(Extracted information):

---

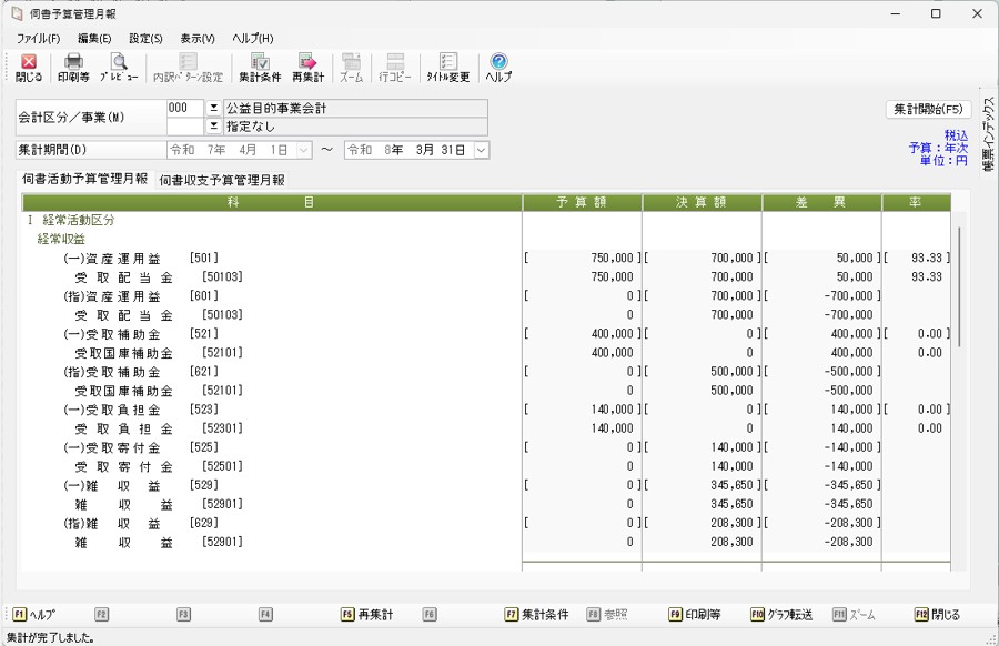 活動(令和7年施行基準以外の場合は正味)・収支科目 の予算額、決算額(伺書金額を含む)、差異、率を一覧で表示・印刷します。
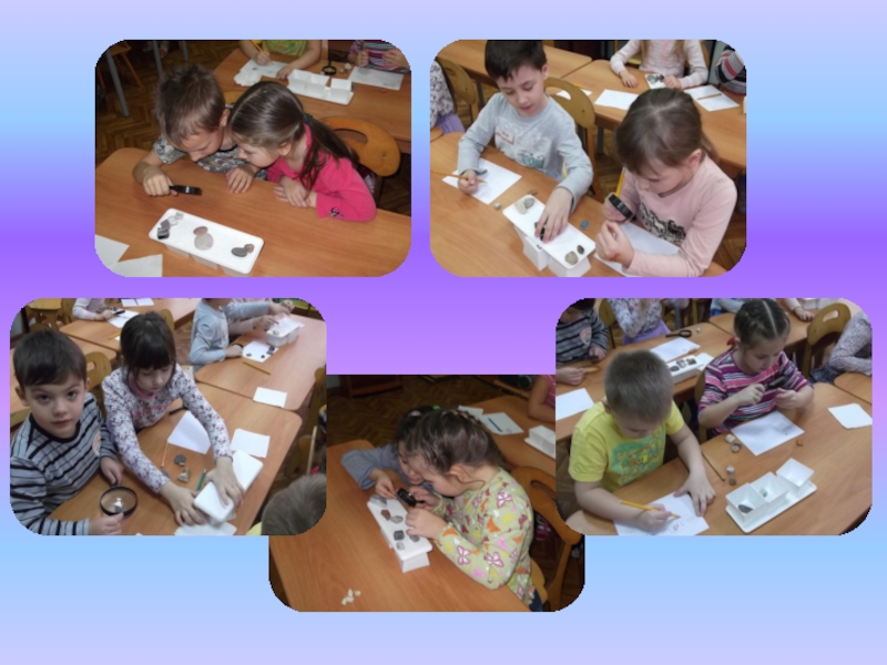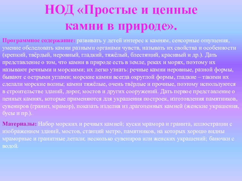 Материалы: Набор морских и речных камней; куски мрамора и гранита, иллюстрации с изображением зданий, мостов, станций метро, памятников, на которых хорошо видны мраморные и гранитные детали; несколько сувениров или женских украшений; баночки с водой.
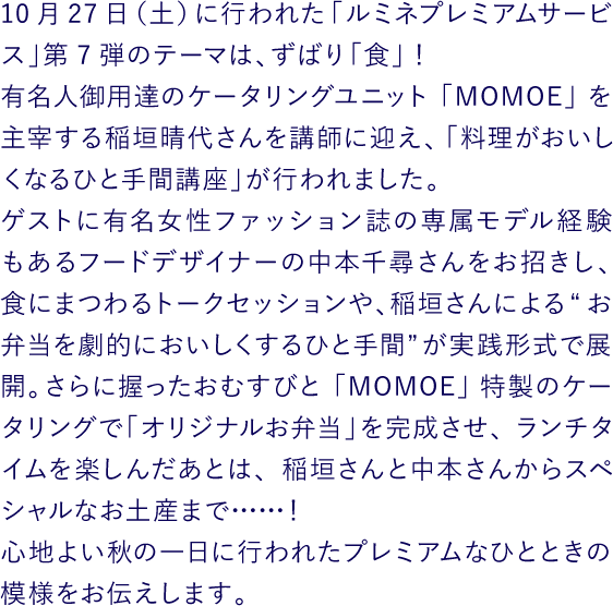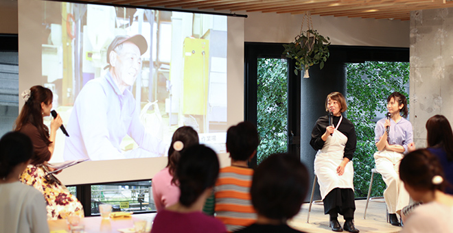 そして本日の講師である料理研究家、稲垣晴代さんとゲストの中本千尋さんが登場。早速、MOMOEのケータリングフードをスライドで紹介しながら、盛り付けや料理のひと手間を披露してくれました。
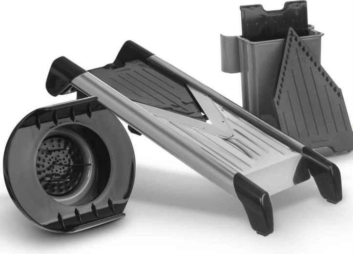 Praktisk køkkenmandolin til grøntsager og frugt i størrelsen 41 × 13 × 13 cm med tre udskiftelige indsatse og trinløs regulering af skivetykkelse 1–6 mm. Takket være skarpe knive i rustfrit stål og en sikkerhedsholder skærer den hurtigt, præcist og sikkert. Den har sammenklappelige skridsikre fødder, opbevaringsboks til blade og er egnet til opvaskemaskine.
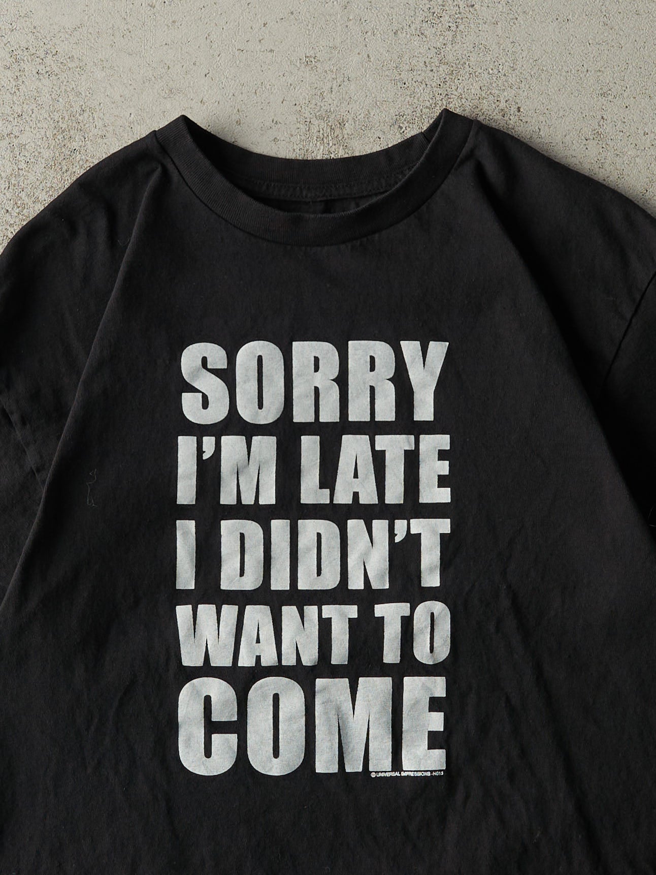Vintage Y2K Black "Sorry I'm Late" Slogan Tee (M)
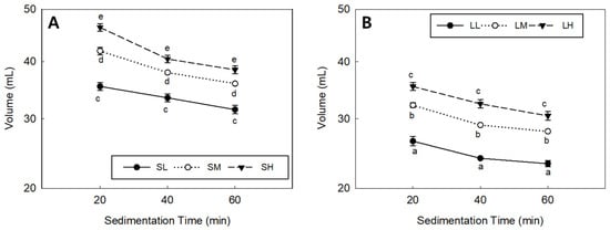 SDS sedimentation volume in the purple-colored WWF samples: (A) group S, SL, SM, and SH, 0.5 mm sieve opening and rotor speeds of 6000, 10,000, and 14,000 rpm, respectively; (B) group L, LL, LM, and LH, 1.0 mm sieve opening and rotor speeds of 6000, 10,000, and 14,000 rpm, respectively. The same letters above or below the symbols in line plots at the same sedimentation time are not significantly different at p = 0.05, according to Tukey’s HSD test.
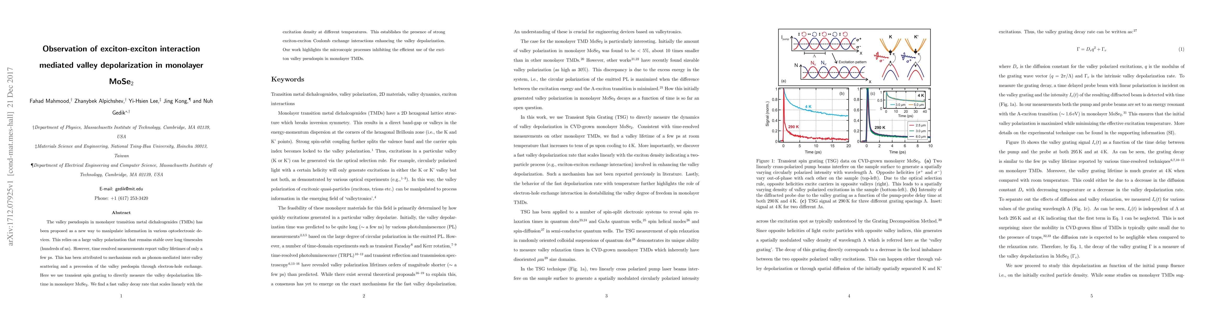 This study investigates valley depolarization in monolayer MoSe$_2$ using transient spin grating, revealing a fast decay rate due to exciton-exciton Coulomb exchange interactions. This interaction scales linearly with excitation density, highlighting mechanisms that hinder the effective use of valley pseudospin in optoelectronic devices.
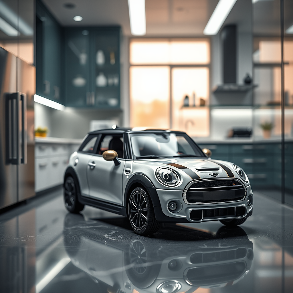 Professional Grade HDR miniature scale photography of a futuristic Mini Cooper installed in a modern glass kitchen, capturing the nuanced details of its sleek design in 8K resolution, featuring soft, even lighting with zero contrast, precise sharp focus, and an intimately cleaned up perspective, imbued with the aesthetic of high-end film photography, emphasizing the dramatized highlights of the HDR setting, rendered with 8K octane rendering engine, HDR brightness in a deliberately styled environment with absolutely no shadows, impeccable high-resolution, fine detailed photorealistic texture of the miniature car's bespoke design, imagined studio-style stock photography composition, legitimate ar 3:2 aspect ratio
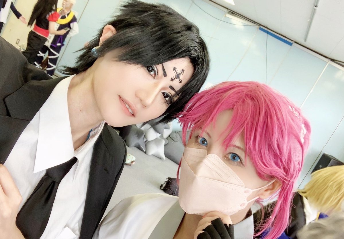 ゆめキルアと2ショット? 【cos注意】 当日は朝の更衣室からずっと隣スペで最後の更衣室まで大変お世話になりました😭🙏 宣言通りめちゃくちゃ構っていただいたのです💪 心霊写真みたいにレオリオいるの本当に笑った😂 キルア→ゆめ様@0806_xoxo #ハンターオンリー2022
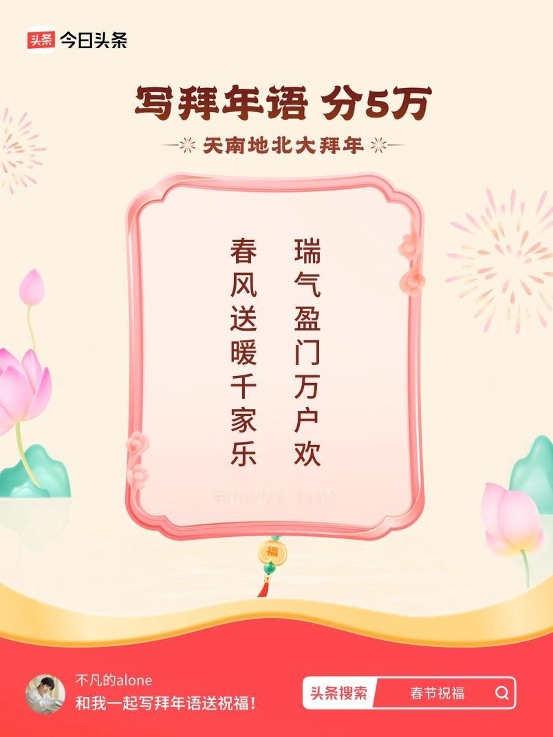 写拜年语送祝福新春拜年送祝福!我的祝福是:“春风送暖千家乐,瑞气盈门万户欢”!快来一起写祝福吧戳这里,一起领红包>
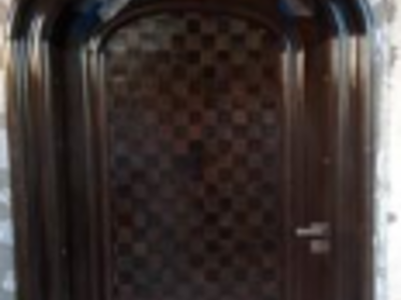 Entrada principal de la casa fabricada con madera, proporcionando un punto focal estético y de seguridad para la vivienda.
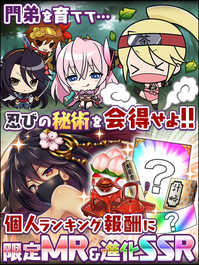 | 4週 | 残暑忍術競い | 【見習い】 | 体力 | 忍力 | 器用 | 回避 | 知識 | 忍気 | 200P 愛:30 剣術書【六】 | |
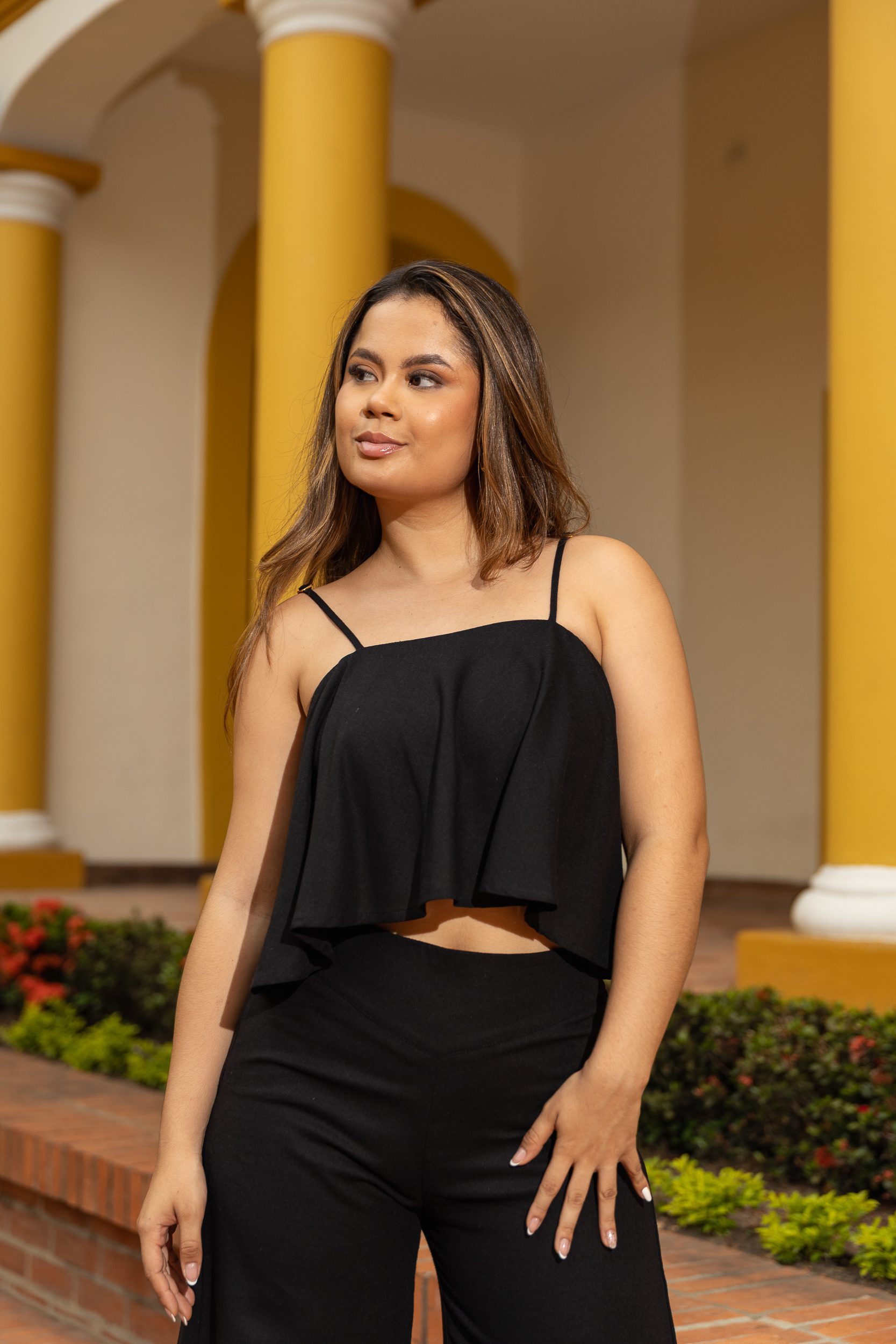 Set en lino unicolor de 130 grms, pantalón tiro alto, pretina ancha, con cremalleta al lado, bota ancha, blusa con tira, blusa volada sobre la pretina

---

(Assigned task): Quote the lines above exactly, starting with the one that has "Материалы: Набор морских" and ending with the one that has "Vintage Y2K Black"; drop the pictures and include nothing else.

(Exercise solution):
 Материалы: Набор морских и речных камней; куски мрамора и гранита, иллюстрации с изображением зданий, мостов, станций метро, памятников, на которых хорошо видны мраморные и гранитные детали; несколько сувениров или женских украшений; баночки с водой.
 そして本日の講師である料理研究家、稲垣晴代さんとゲストの中本千尋さんが登場。早速、MOMOEのケータリングフードをスライドで紹介しながら、盛り付けや料理のひと手間を披露してくれました。
 Praktisk køkkenmandolin til grøntsager og frugt i størrelsen 41 × 13 × 13 cm med tre udskiftelige indsatse og trinløs regulering af skivetykkelse 1–6 mm. Takket være skarpe knive i rustfrit stål og en sikkerhedsholder skærer den hurtigt, præcist og sikkert. Den har sammenklappelige skridsikre fødder, opbevaringsboks til blade og er egnet til opvaskemaskine.
Vintage Y2K Black "Sorry I'm Late" Slogan Tee (M)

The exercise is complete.